Hitchens and Booze

Dry drunk Bush’s wet drunk apologist Christopher Hitchens announces startling health discovery in Vanity Fair magazine: Drinking like there’s no tomorrow and smoking until your teeth and fingers turn jaundice yellow is actually good for your health!

But seriously, oh fellow Hitchens hating Counterpunchers everywhere, enjoy a good and healthy laugh –at Hitchens’s expense and read this unintentionally hilarious piece which should have been titled, “Confessions of A Functional Alcoholic.”

If you were amused by Michael Jackson’s rationale for sleeping with little boys, you’ll just love Hitch’s limp attempt to rationalize away his life as a clownish lush who bellows for war–and another drink–all in the same martini/tobacco stained breath.

The article while disguised as a fun loving chaps slap at prudes who are annoyed at Hitchens enjoyment of fine wine, is actually a generic response aimed at his political enemies on the left who have taken note of our boys evolution over the years from erudite intellectual to booze bloated eccentric.

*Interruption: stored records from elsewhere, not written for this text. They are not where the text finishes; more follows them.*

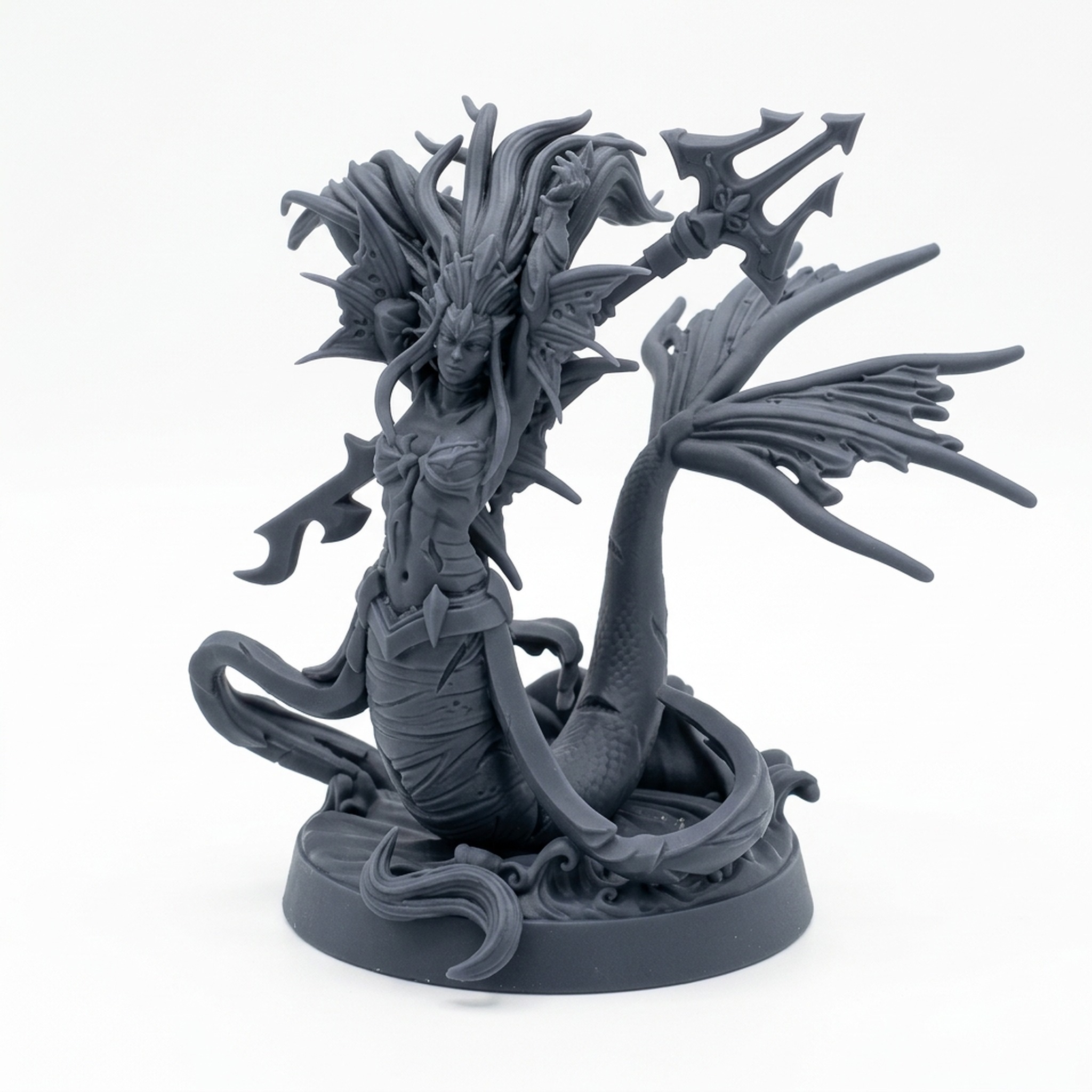 Introduce an element of aquatic dread to your next game session with Merkyes Trident Batallion C. This dynamic 3D printed miniature from CastnPlay's terrifying Merghouls collection is expertly crafted with intricate details, showcasing a fierce Merfolk warrior posed for battle. With its sharp trident and distinctive tail fin, this model is a standout addition to any collection of fantasy miniatures, perfectly capturing the theme of dark, deep-sea raiders. Its high-quality resin construction ensures that every menacing detail, from the textured scales to the flowing hair, is rendered with precision, offering a rewarding painting experience and making a powerful statement on your gaming table.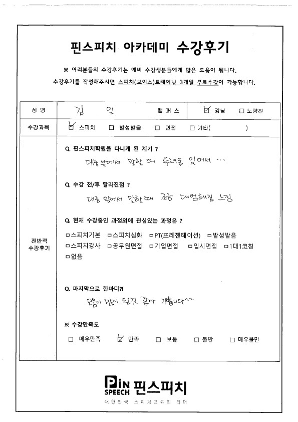 대중 앞에서 말할 때 대범해짐을 느꼈습니다.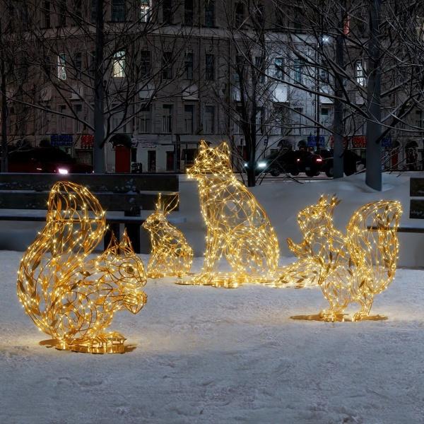 Светодиодные фигуры золотых животных JOYLED — набор объёмных уличных инсталляций: белка, белочка с орехом, заяц и лиса. Прочные алюминиевые каркасы, свечение золотым светом и защита IP65 обеспечивают долговечность и безопасность. Подходят для украшения парков, площадей, ТЦ и жилых комплексов. Доступно изготовление под заказ и монтаж под ключ.
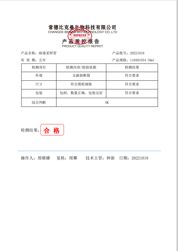 比克曼生物 病毒采樣管(棉蓋,不擰蓋,非滅菌) 10ml 110401034 20221018

Aimed, indeed, at those of us less than amused that such a bright fellow as this– who once wrote an insightful, scathing essay on how alcohol had turned a one time progressive intellectual named Paul Johnson into a towering reactionary bore–has turned into, well, Paul Johnson.

A reactionary bore who compulsively attacks the left, blusters about our right to Iraq’s oil, and well, the list of nutty behavior is endless.

A booze addled man who enjoys the flattering, undeserved title “IF Stone Scholar”(WC Fields scholar would be more apt. Well the alcohol part anyway, Fields is funny, Hitchens anything but.) but brags in print that he will vote for ex-lush George W Bush in the next presidential election.

Once you read this wanker’s advertisement for his drunken self you can’t help but conclude that the man gives new meaning to the phrase “a drunk in denial.”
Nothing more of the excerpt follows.